This straightforward organization turns out to be highly absorbing and engaging. Ms. Christodoulou is a strong writer, and for all her scientific punctilio, a passionate one. She is learned in educational history, showing how “21st-century” ideas that invoke Google and the internet are actually re-bottled versions of the late 19th-century ideas which came to dominate British and American schools by the mid-20th century. What educators purvey as brave such as “critical-thinking skills” and “you can always look it up” are actually shopworn and discredited by cognitive science. That’s the characteristic turn of her chapters, done especially effectively in her conclusion when she discusses the high-sounding education-school theme of hegemony:

I discussed the way that many educational theorists used the concept of hegemony to explain the way that certain ideas and practices become accepted by people within an institution. Hegemony is a useful concept. I would argue that the myths I have discussed here are hegemonic within the education system. It is hard to have a discussion about education without sooner or later hitting one of these myths. As theorists of hegemony realise, the most powerful thing about hegemonic ideas is that they seem to be natural common sense. They are just a normal part of everyday life. This makes them exceptionally difficult to challenge, because it does not seem as if there is anything there to challenge. However, as the theorists of hegemony also realised, hegemonic ideas depend on certain unseen processes. One tactic is the suppression of all evidence that contradicts them. I trained as a teacher, taught for three years, attended numerous in-service training days, wrote several essays about education and followed educational policy closely without ever even encountering any of the evidence about knowledge I speak of here, let alone actually hearing anyone advocate it. … For three years I struggled to improve my pupils’ education without ever knowing that I could be using hugely more effective methods. I would spend entire lessons quietly observing my pupils chatting away in groups about complete misconceptions and I would think that the problem in the lesson was that I had been too prescriptive. We need to reform the main teacher training and inspection agencies so that they stop promoting completely discredited ideas and give more space to theories with much greater scientific backing.
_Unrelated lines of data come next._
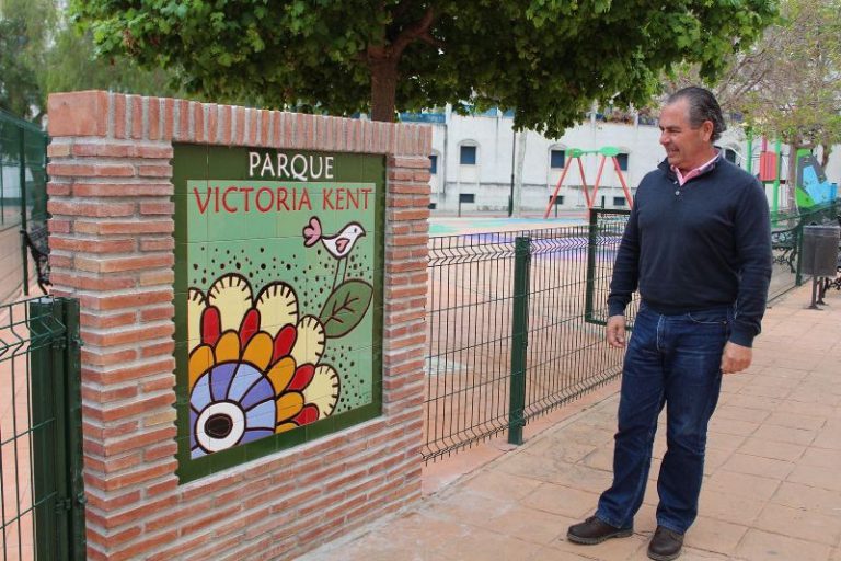 Mijas, 10 abril de 2018.- El concejal de Parques y Jardines, Juan Antonio Carrasco (PSOE), ha visitado esta mañana el parque Victoria Kent para comprobar el nuevo mural instalado a la entrada de este y otros parques del municipio enmarcado dentro del Plan de embellecimiento y mejoras previsto para este ejercicio.
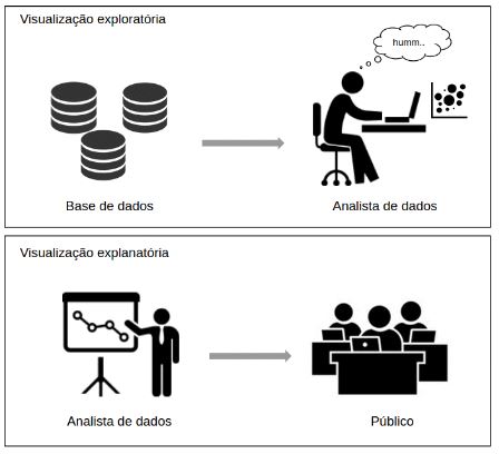 Neste momento é importante identificar se o propósito da visualização é para fins de exploração ou explanação/explicação dos dados. Vejamos algumas características destes possíveis propósitos: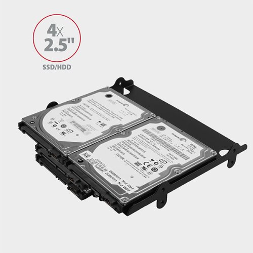 Kovový rámeček AXAGON RHD-435 umožňuje montáž až čtyř 2.5" HDD nebo SSD disků nebo dvou 2.5" disků a jednoho 3.5" disku do 5.25" pozice PC skříně. Tato redukce chytře vyřeší problém s umístěním 2.5" nebo 3.5" disků v různých typech počítačových skříní. V horní pozici lze použít standardní 2.5" SSD disky 7 mm i pevné disky 9.5 mm. Spodní pozice je určena pro standardní 3.5" pevný disk alternativně pro 2.5" SSD/HDD bez omezení výšky disku. Přesné otvory a dodávané šroubky zajistí snadnou a bezproblémovou montáž rámečku do počítačové skříně. Kovová konstrukce rámečku napomáhá odvodu tepla z disků.

The book has great relevance to our current moment, when a majority of states have signed up to follow new “Common Core Standards,” comparable in scope to the recent experiment named “No Child Left Behind,” which is widely deemed a failure. If we wish to avoid another one, we will need to heed this book’s message. The failure of NCLB wasn’t in the law’s key provisions that adequate yearly progress in math and reading should occur among all groups, including low-performing ones. The result has been some improvement in math, especially in the early grades, but stasis in most reading scores. In addition, the emphasis on reading tests has caused a neglect of history, civics, science, and the arts.

Ms. Christodoulou’s book indirectly explains these tragic, unintended consequences of NCLB, especially the poor results in reading. It was primarily the way that educators responded to the accountability provisions of NCLB that induced the failure. American educators, dutifully following the seven myths, regard reading as a skill that could be employed without relevant knowledge; in preparation for the tests, they spent many wasted school days on ad hoc content and instruction in “strategies.” If educators had been less captivated by anti-knowledge myths, they could have met the requirements of NCLB, and made adequate yearly progress for all groups. The failure was not in the law but in the myths.
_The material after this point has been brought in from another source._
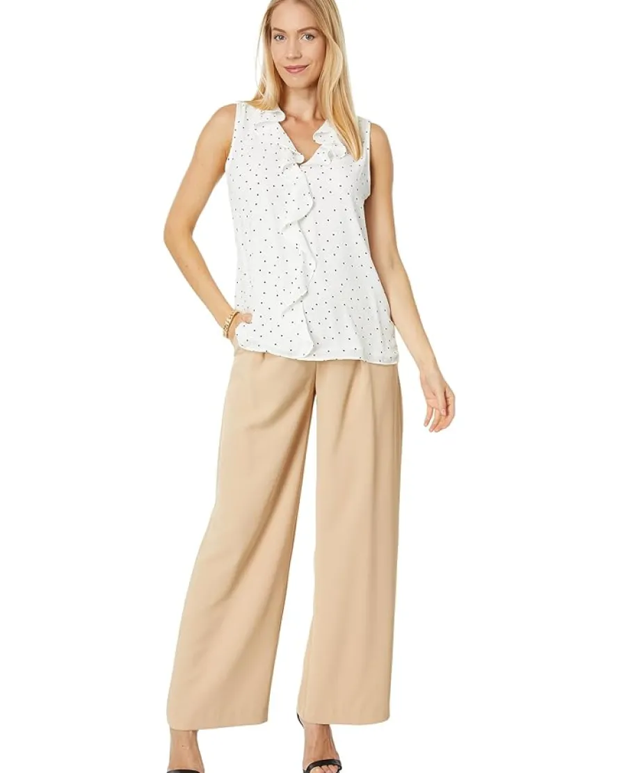 - Look cute and classic wearing the Vince Camuto® Sleeveless V-Neck Ruffle Front Pindot Blouse.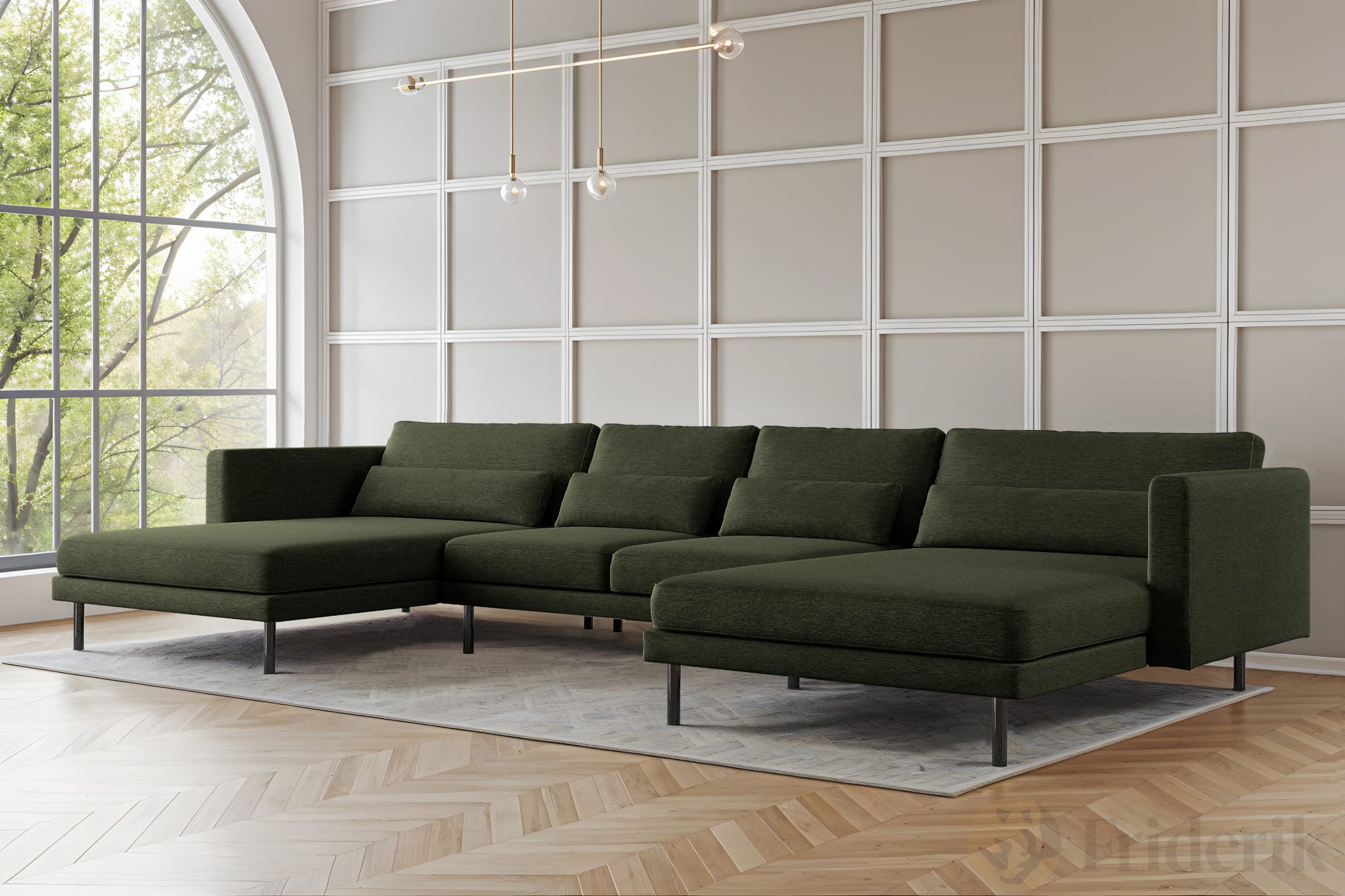 Ecksofa DANI U – Großes modulares Familiensofa in U-Form, bequeme Couch für Wohnzimmer mit Verita Stoff, Olivgrün 49

Our educators now stand ready to commit the same mistakes with the Common Core State Standards. Distressed teachers are saying that they are being compelled to engage in the same superficial, content-indifferent activities, given new labels like “text complexity” and “reading strategies.” In short, educators are preparing to apply the same skills-based notions about reading that have failed for several decades.
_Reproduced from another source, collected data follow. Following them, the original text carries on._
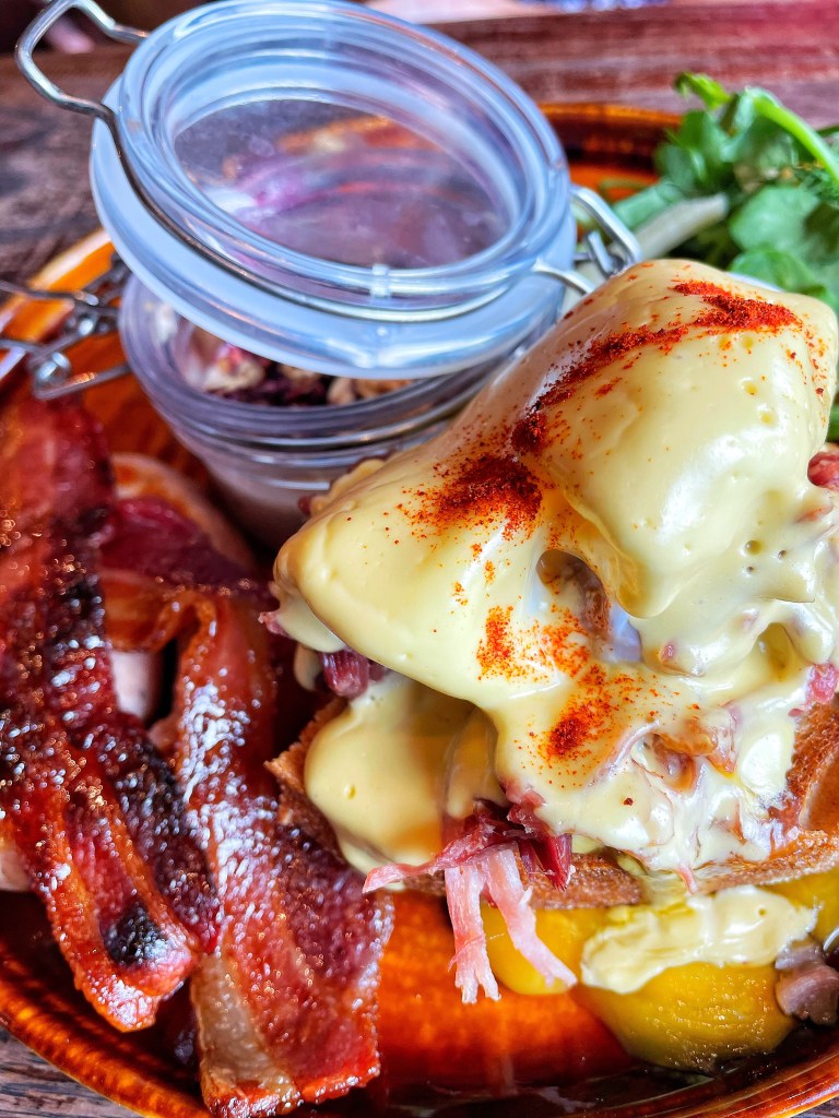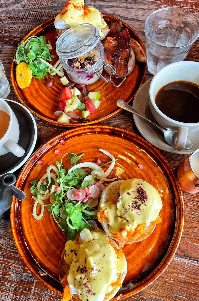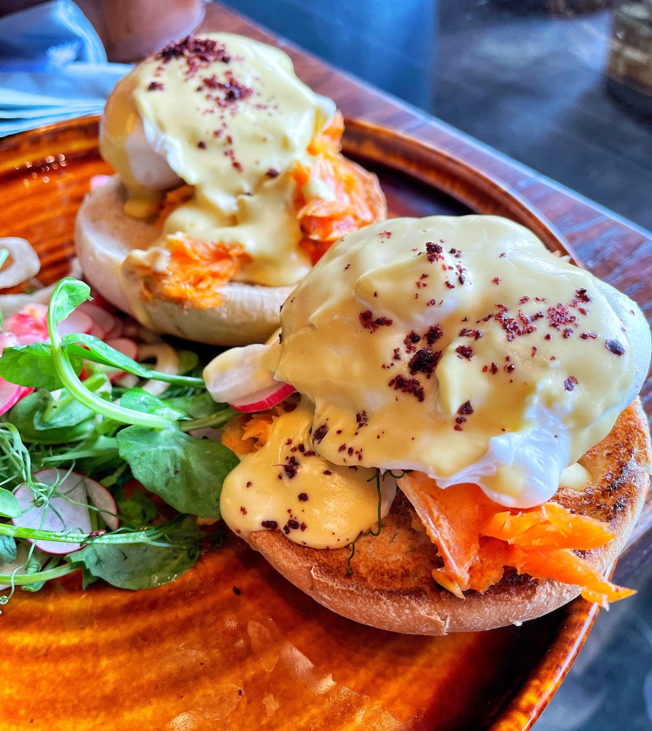 I went for the Smoked Trout Eggs Benedict. A toasted English muffin topped with poached eggs, smoked trout and hollandaise.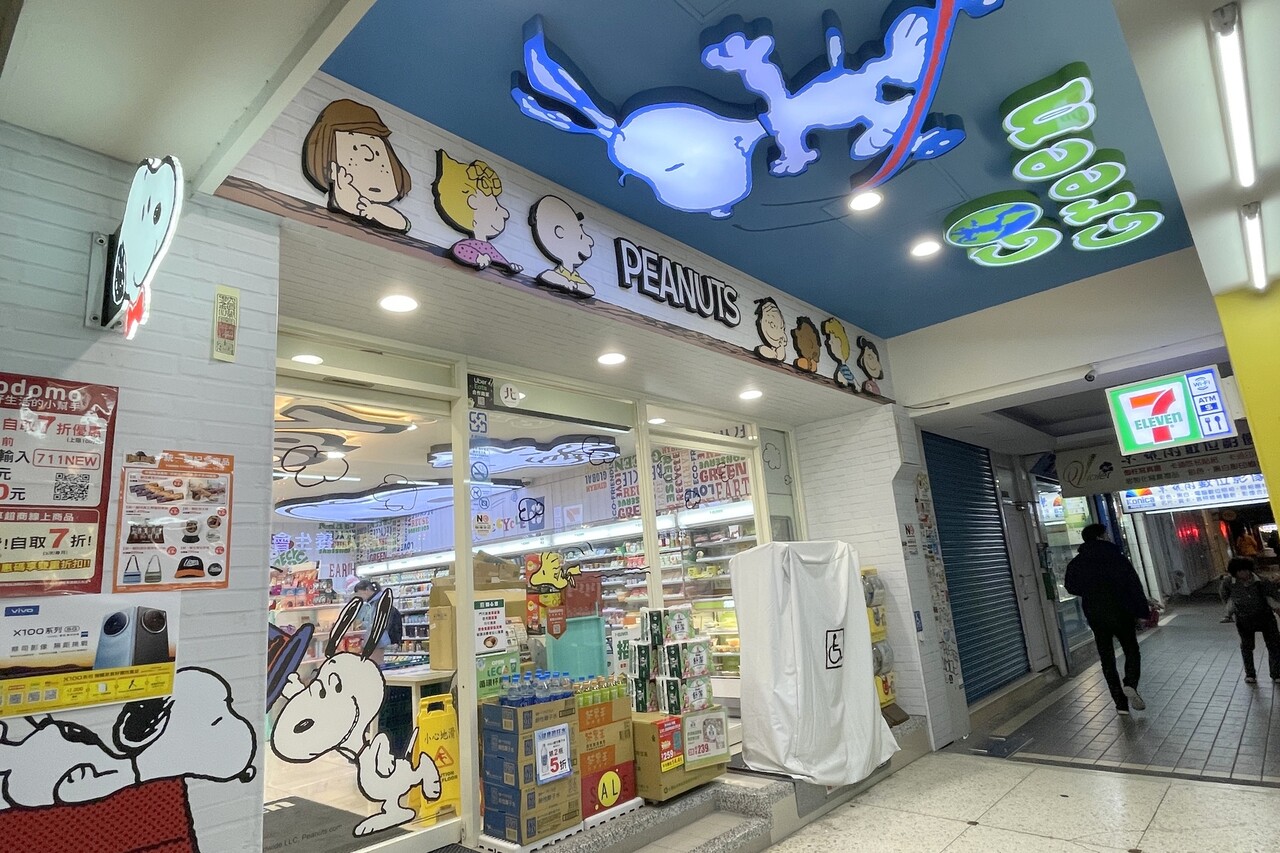 続いて紹介するのは、誰もが知る人気キャラクター「スヌーピー」とのコラボ店舗。台北駅近くのセブンイレブン、「7-ELEVEN ※華福店」店である。※金が3つでキンと読む中国語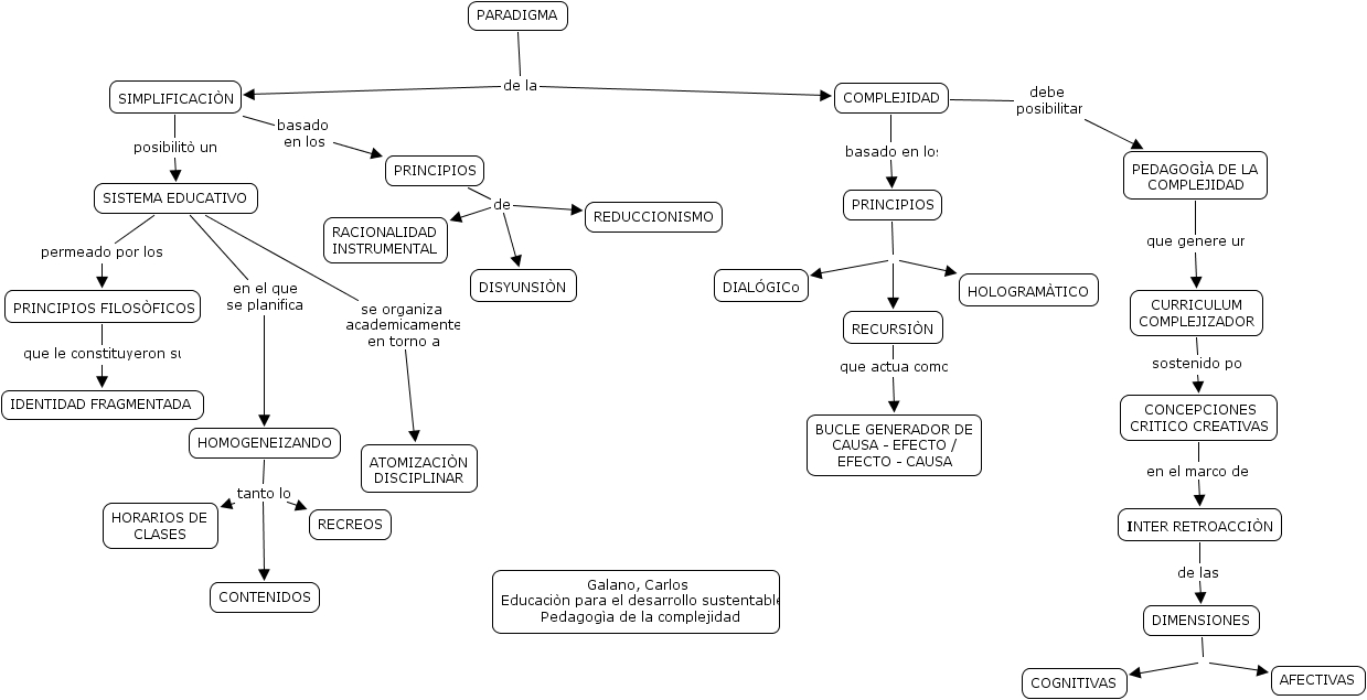 pedagog�a de la complejidad, curriculum complejizador, sistema educativo, principios filos�ficos, paradigma, afectivas, contenidos, hologram�tico, cognitivas, concepciones critico creativas, racionalidad instrumental, dimensiones, atomizaci�n disciplinar, identidad fragmentada, homogeneizando, principios, bucle generador de causa - efecto efecto - causa, recreos, simplificaci�n, recursi�n, galano, carlos educaci�n para el desarrollo sustentable pedagog�a de la complejidad, reduccionismo, complejidad, disyunsi�n, pedagog�a de la complejidad, dial�gico, inter retroacci�n, horarios de clases, principios

Of course! They are boxed in by what Ms. Christodoulou calls a “hegemonic” thought system. If our hardworking teachers and principals had known what to do for NCLB — if they had been uninfected by the seven myths — they would have long ago done what is necessary to raise the competencies of all students, and there would not have been a need for NCLB. If the Common Core standards fail as NCLB did, it will not be because the standards themselves are defective. It will be because our schools are completely dominated by the seven myths analyzed by Daisy Christodoulou. This splendid, disinfecting book needs to be distributed gratis to every teacher, administrator, and college of education professor in the U.S. It’s available at Amazon for $9.99 or for free if you have Amazon Prime.

 

Deepest Learning: Reading to Write & Writing to Learn

by Lisa Hansel
May 29th, 2013

Where in Queens, NY, can you find second graders comparing the Olympics in ancient Greece with our modern games—and using that discussion as an opportunity to review the use of past and present verbs? Or third graders preparing travel guides on the Amazon, Orinoco, Nile, and Yellow rivers? What about essays by fourth graders on the Chinese painter and calligrapher Zhao Mengfu, small groups of fifth graders discussing the assassination of Abraham Lincoln, or sixth graders writing out what they would say if they were reporters during the French Revolution?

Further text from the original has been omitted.